Don't upstage the nineteen-year-old boy who gave us this concerto.

The package was soft, maybe she was sending me a sweater, for the birthday that was somebody else's. I didn't want a sweater; I wanted to undo my crime against Mozart. I got a pair of scissors and cut the tape on the package.

There were several layers of wrapping, then pink tissue paper with a pink envelope that said
READ FIRST.
The flap wasn't sealed, it was tucked in. I opened it.

Dear Allegra Leah,

The gift I am sending you would have been for your bat mitzvah, and I hope you would carry it proudly on that occasion but you have a liberated family who have forgotten already in one generation. We are lucky to have a connection, to break such a thing is not understandable. Your mother I forgive, she wouldn't know. She happened on a Gentile background from Kansas, not her fault.

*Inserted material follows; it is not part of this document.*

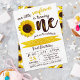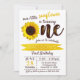 Estes bonitos convites de girassol são perfeitos para qualquer um que comemora um primeiro aniversário neste primavera ou verão. O design apresenta um girassol brilhante sobre um fundo branco simples, com uma redação fácil de personalizar modelo.

I am nervous for you, and your brother David too. You would have to understand such nervousness by going to synagogue. Here is your gift from my love for you so far away 3,000 miles.

Your great-grandmother Leah was born in the turn of the century, 1900, in Suprasl. This was a shtetl I saw once. There are stories from this place. Poor people, tailors, bakers, and animals all went back and forth on the roadway. Her rabbi was the son and also the grandson of a rabbi. When she was a child she had geese to tend and there is the picture of her with her straw broom and her favorite goose. You know the picture. Where her family lived the field went up on a hill and the morning light came into their house, a blessing.

Then she married and became my mother and soon my father took her to Bialystok. I was born in 1921, and my sister in 1925 who died in childhood. My father played a wooden flute and my mother sang to us. She tried to sing the fever out of my sister and was unsuccessful. I remember her voice. She could sing like leaves falling from off a tree. She also made rich breads and cakes, and even today the smell of some certain kugels makes me unable to speak.

I saw black armbands when I was 13 years old. I asked what they were and my father replied they were a tribal symbol. I didn't know from tribal symbols, I wanted a pink dress for my birthday which I did not get. There was hunger and disease and we as well as our neighbors were frightened. Punishments for being Jewish were meted, small ridicules and then larger ridicules. My father's partner in business had his beard cut off by a soldier's bayonet. It was this savagery in joking that frightened us all.